1. The problem statement, all variables and given/known data
I have a problem in calculating cross-section in elektron-positron -> muon-antimuon scattering.

2. Relevant equations
In the relativistic limit, we find the differential cross-section of {e}+{e^-} -> {μ}+{μ^-} is

\frac{d\sigma}{d\Omega}=\frac{\alpha^2}{4s}*(1+cos^2{\theta}).

When I integrating over \theta, i get an answer:

\sigma=\frac{3*\pi*\alpha^2}{8*s},

but that is not the correct answer. Due to my reference (Halzen and Martin), the answer should be

\sigma=\frac{4*\pi*\alpha^2}{3*s}.

3. The attempt at a solution
Can someone help me through this problem? My intuition said I have mistaken the integration. But I've tried to re-integral-ing it, still not come up with correct solution.

2. Jul 25, 2016

BvU

Hello,

Is $d\Omega$ just $d\theta$ or has $\phi$ something to do with it too ?

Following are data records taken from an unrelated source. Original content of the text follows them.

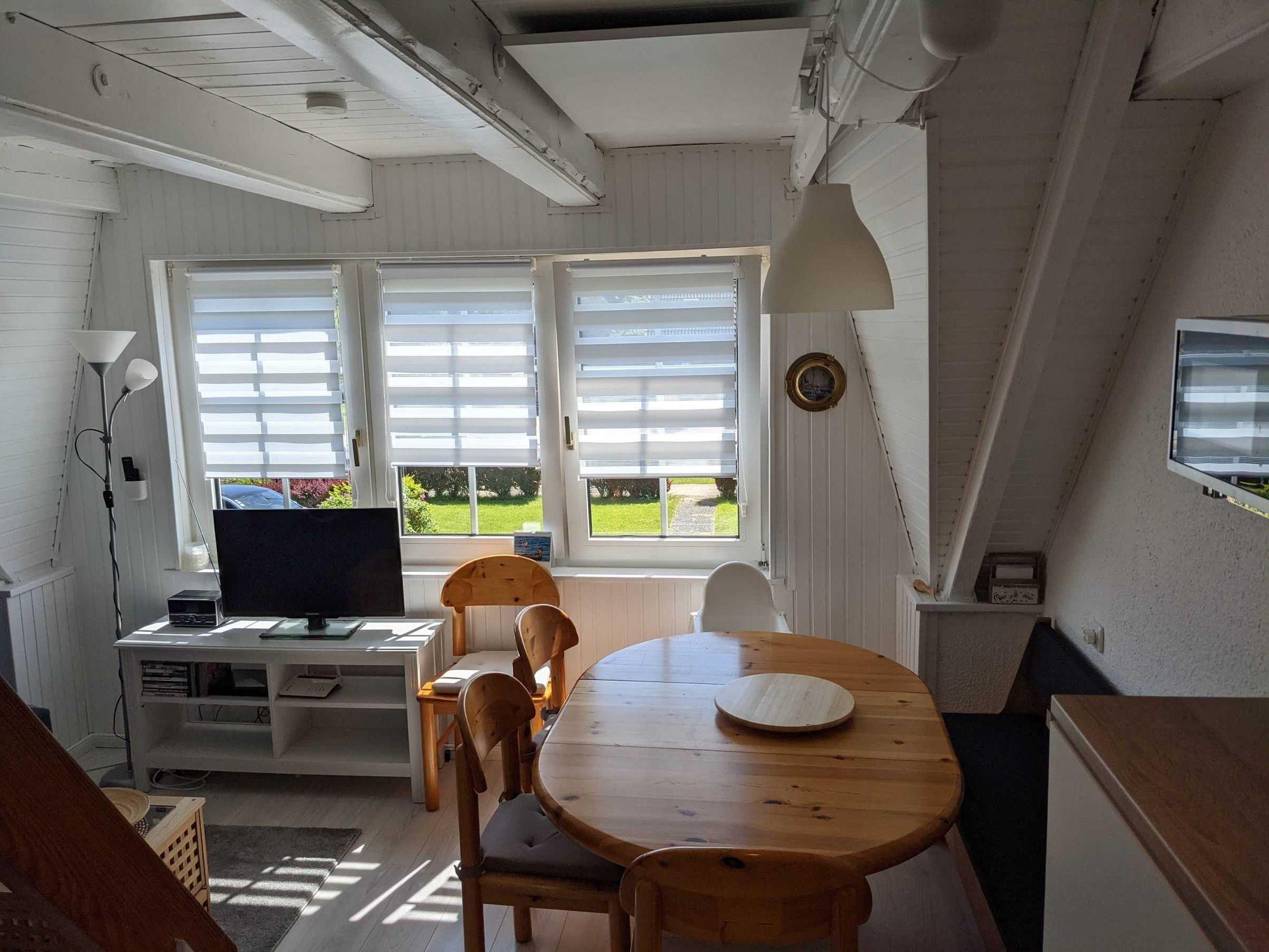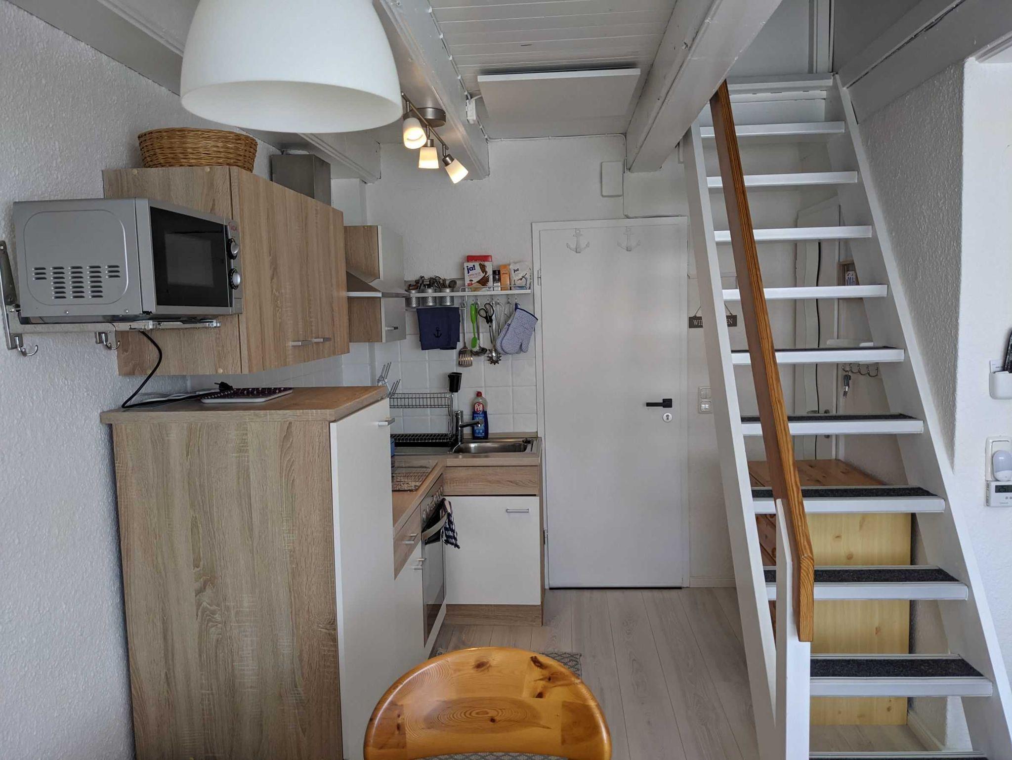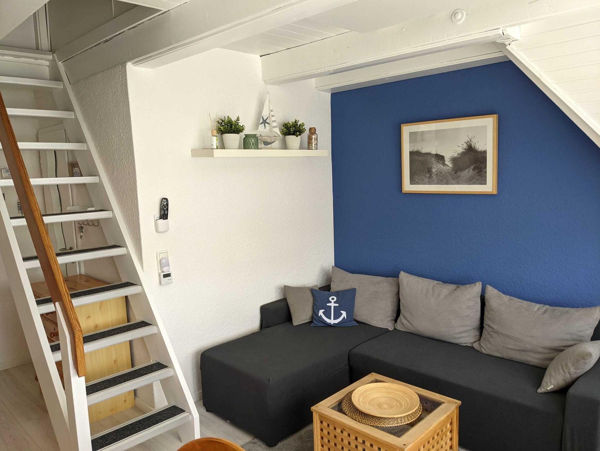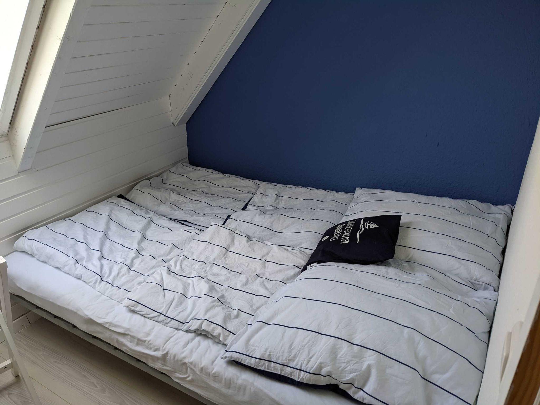 • Im Wohnzimmer führt eine steile Treppe hinauf in das ausgebaute Dachgeschoss. Hier befinden sich zwei Schlafbereiche - mit je einem Doppelbett (140 x 200 und 120 x 200) - die durch eine Wand voneinander getrennt sind. Eine Kommode sowie zwei Einbauschränke sorgen für genügend Stauraum.
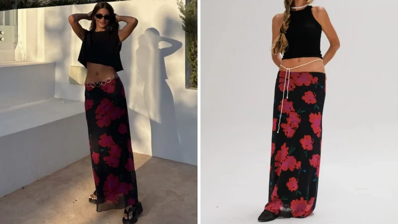 Negra y con flores negras grandes y horas alrededor, así es la falda midi de Susana Bicho que tiene un costo de 64,90 euros en la página de Sumsie’s. La puedes combinar con ojotas altas o simplemente unas sandalias abiertas de tiras para tener los pies frescos y cómodos. Pull&Bear te brindó opciones similares a la falda de la influencer, es solo cuestión de ir, probarse y reventar la tarjeta. Sé tu mejor versión.
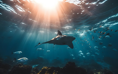 Shark swimming underwater with sunlight filtering through blue ocean surface, marine wildlife scene. Underwater exploration and marine conservation concept
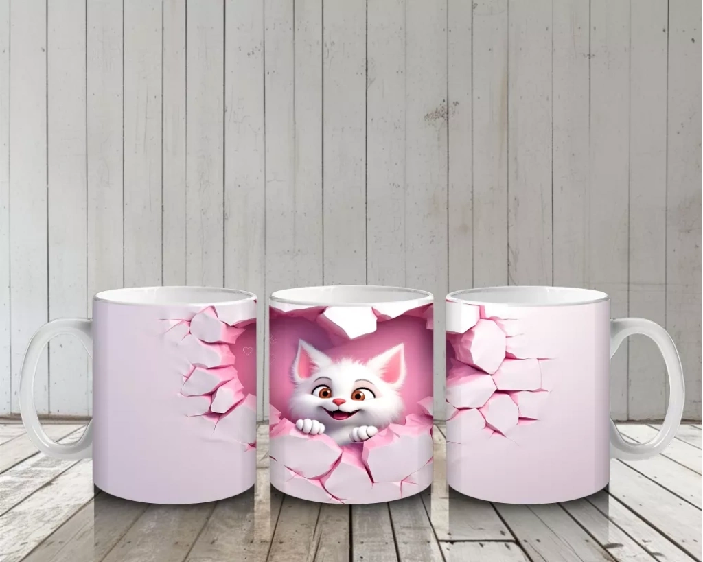 Kalp şeklindeki çatlağın içinden bakan bu minik kedicik, sevimliliğiyle gönülleri fethediyor. Romantik ve şirin detaylarla dolu bu kupa, kedi severler için harika bir hediye seçeneği.
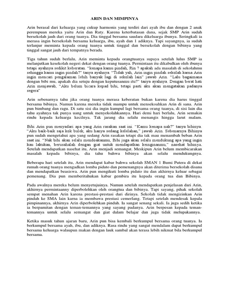 Leny dwi rahayu ukuran : Disini tags:drama sunda santri lucu nganggak, makna cerita cerpen arin dan mimpinya, petualangan cinta hendra. Setelah itu arin mulai menata hidupnya dan merubah strategi untuk mengejar mimpinya. Analisis unsur intrinsik dan ekstrinsik cerpen "arin dan mimpinya". Unsur intrinsik dan ekstrinsik dalam teks cerita pendek. Bagaimanakah perjuangan ipang untuk mewujudkan mimpinya berhaji ? Bacalah kutipan teks cerpen berikut ini! Sinopsis cerpen arin dan mimpinya artikel tugas analisis unsur intrinsik dan ekstrinsik cerpen beserta contoh laporan hasil analisis cerpe1.docx . Arin berasal dari keluarga yang cukup harmonis yang terdiri dari. Mengejar mimpi dan cinta penulis: Pada program studi bahasa dan sastra indonesia fakultas keguruan dan. Pada saat ini admin akan membahas perihal cerpen arin dan mimpinya. Arin yang berasal dari keluarga harmonis yang terdiri dari ayah ibu dan dengan 2 anak .
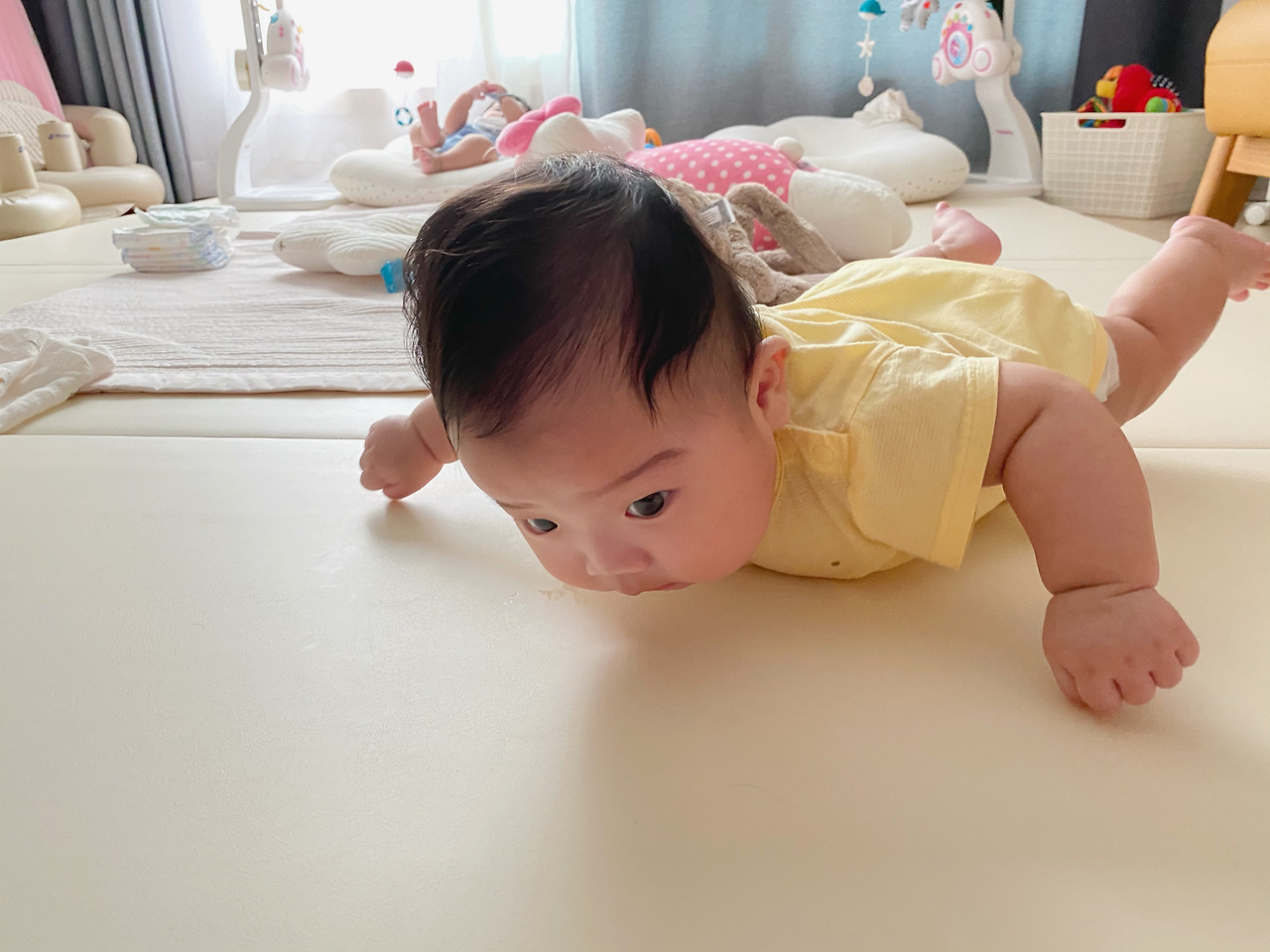 아기를 엎드려 놓으면 가슴까지 든다. 이때 두 다리가 공중으로 바둥바둥 뜨기도 한다. 마치 슈퍼맨이 하늘을 날아가는 모습처럼 말이다. 그러다 순간 갸우뚱해서 옆으로 넘어질 때도 있는데 이런 일이 한번 발생하고 나서부터 바로 옆, 가까이에 대기하고 있다가 잡아주게 된다.

Anyway, show your steps in detail, please. That makaes it easier to follow and point out where things may go wrong...

3. Jul 26, 2016

Muh. Fauzi M.

Hello Mr., thank you for your respond.

In my first reference (Halzen and Martin), the instructor is to integrate over $\theta$ and $\phi$. Here is my doodling:

$$\sigma = \frac{\alpha^2}{4s}\int{(1+cos^2{\theta})}d\theta d\phi$$

Substituting the trigonometry identity,

$$\sigma = \frac{\alpha^2}{4s} \int {\frac{(3+cos{2\theta})}{2}} d\theta d\phi$$.

Dividing the integration,

$$\int 3 d\theta d\phi , \quad \int {cos{2\theta}}d\theta d\phi$$

and integrating from $0$ to $\pi$ for $\theta$, $0$ to $2\pi$ fpr $\phi$. The second term is vanish, so I have

$$\int 3 d\theta d\phi=3(\pi)(2\pi)$$.

Thus, when inserting to $\sigma$, I have

$$\sigma = \frac{3\pi^2\alpha^2}{4s}$$.

Using my second ref (Schwartz), the integration just applied over $\theta$ and I get

$$\sigma = \frac{3\pi\alpha^2}{8s}$$.

Which step do I miss?

4. Jul 26, 2016

BvU

If I remember well, $d\Omega \ne d\phi d\theta$ because then you would end up with $2\pi^2$ where you expect $4\pi$ . Wasn't it $d\Omega = \sin\theta \;d\theta d\phi$ ?

5. Jul 26, 2016

Muh. Fauzi M.

Speechless. That's true Mr. Thank you very much. (shy)